[HOW TO COMPLETE THIS TASK]: Take the entries below and reproduce exactly the portion that begins at the line containing "1. 국민건강보험 홈페이지(nhis.or.kr)에서" and ends at the line containing "(二)市场集中度逐步缩小。2", keeping both ends, dropping pictures, and adding nothing else.

[SUPPLIED RECORDS]:
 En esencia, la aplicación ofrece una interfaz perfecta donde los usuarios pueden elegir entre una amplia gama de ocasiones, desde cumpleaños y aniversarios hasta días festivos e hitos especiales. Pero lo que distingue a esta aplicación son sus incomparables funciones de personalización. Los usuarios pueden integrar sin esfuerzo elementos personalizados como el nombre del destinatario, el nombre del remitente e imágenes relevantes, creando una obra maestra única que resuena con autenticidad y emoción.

==

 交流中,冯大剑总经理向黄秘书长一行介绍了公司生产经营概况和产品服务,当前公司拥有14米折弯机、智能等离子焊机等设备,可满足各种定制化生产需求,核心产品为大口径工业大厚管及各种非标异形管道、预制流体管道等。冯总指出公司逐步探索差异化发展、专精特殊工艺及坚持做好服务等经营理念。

--

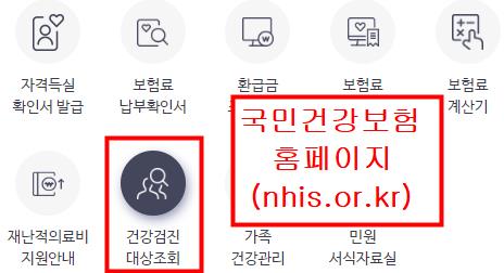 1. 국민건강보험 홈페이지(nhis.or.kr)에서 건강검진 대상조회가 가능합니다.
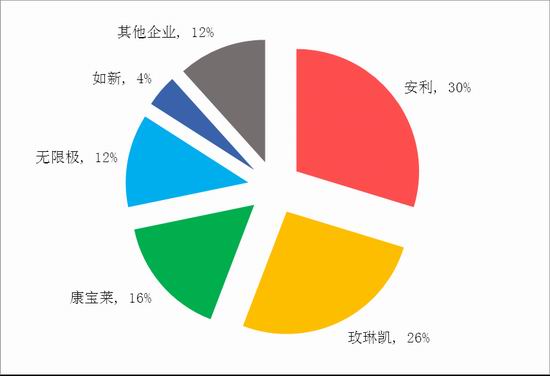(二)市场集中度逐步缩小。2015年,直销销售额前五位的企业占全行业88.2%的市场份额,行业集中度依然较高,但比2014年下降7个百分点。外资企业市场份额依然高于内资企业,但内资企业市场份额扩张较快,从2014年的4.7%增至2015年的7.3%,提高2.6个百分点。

[TASK SOLUTION]:
 1. 국민건강보험 홈페이지(nhis.or.kr)에서 건강검진 대상조회가 가능합니다.
(二)市场集中度逐步缩小。2015年,直销销售额前五位的企业占全行业88.2%的市场份额,行业集中度依然较高,但比2014年下降7个百分点。外资企业市场份额依然高于内资企业,但内资企业市场份额扩张较快,从2014年的4.7%增至2015年的7.3%,提高2.6个百分点。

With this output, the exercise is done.